- Relator(a)
- Ministro Benedito Gonçalves
- Órgão julgador
- Primeira Turma
- Data do julgamento
- 11/12/2023
- Data de publicação
- 14/12/2023
STJ – Acórdão, Rel. Ministro Benedito Gonçalves, Primeira Turma, j. 11/12/2023, p. 14/12/2023
PROCESSUAL CIVIL E ADMINISTRATIVO. AGRAVO INTERNO NO AGRAVO EM RECURSO ESPECIAL. SERVIDOR PÚBLICO FEDERAL. CUMPRIMENTO DE SENTENÇA. JUROS DE MORA. INCIDÊNCIA ATÉ O DEPÓSITO DA INTEGRALIDADE DA DÍVIDA. OFENSA À COISA JULGADA. NÃO OCORRÊNCIA. APLICAÇÃO DO ENTENDIMENTO DO STF. TEMA 1.037 DA REPERCUSSÃO GERAL. PRECEDENTES. 1. Consigne-se inicialmente que o recurso foi interposto contra acórdão publicado na vigência do Código de Processo Civil de 2015, devendo ser exigidos os requisitos de admissibilidade na forma nele previsto, conforme Enunciado Administrativo 3/2016/STJ. 2. O Supremo Tribunal Federal, ao julgar o RE 1.169.289/SC (Tema 1.037 da Repercussão Geral), da relatoria do Ministro Marco Aurélio, fixou a seguinte tese: "O enunciado da Súmula Vinculante 17 não foi afetado pela superveniência da Emenda Constitucional 62/2009, de modo que não incidem juros de mora no período de que trata o § 5º do art. 100 da Constituição.
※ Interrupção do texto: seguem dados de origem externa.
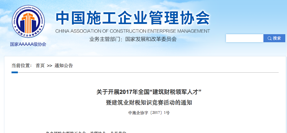 【中国施工企业管理协会】关于开展2017年全国“建筑财税领军人才” 暨建筑业财税知识竞赛活动的通知

Havendo o inadimplemento pelo ente público devedor, a fluência dos juros inicia-se após o "período de graça'". 3. Em sede de juízo de retratação, nos termos do art. 1.040, II, do CPC/2015, nos autos do AgInt no AREsp 1.631.441/RS, de minha relatoria, DJe 15/9/2022, esta eg. Primeira Turma firmou compreensão, no sentido de inexistência de ofensa à coisa julgada na hipótese de limitação os juros de mora à data da ordem de pagamento, ainda que a sentença exequenda preveja a incidência até o efetivo e integral pagamento da dívida. 4. Agravo interno não provido. (AgInt no AREsp n. 2.256.943/RS, relator Ministro Benedito Gonçalves, Primeira Turma, julgado em 11/12/2023, DJe de 14/12/2023.)